I reproduced your steps from post 5. My output is identical to yours, with the difference that I don’t get the failed to resize tty, using default size messages and my terminal returns.

I have no idea what causes it to behave differently on your system. It shouldn’t matter if ansible drives commands or uses the pi-docker module to directly interact with the docker-api, at the end the result should be the same. The only oddity is the error message you receive in your commands.
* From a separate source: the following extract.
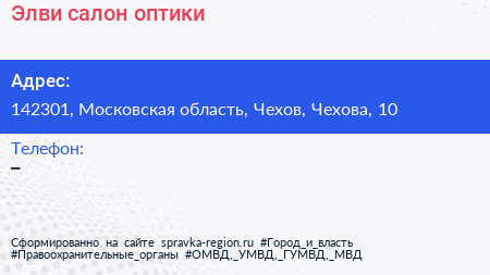 Элви, салон оптики по адресу 142301, Московская область, Чехов, Чехова, 10 в дальнейшем Организация, размещена в следующих категориях:

I implicitly assumed that your docker engine runs on linux too… doesn’t it? I have no experience with the non linux builds. From my experience Windows and MacOS users have the most and weirdest problems with even the most basic functionality, while Linux users still are the only first class citizens where those things work as expected…

This test server is a digitalocean droplet. I have a Linux machine at home to test with, I’ll give it a try shortly. If I can’t reproduce the error locally, I think I need to contact DO about something in their VM.

Just to confirm, I tested the same commands on another host (local Linux machine) and things worked flawlessly. I contacted DO support to have a look at this.

Hope they will sort it out quickly.

Did you know a volume plugin exists for DO: https://github.com/omallo/docker-volume-plugin-dostorage
If you run a multi node docker setup, having blockdevices attached as volumes to the containers is pretty sweat and more reliable then using a remote share.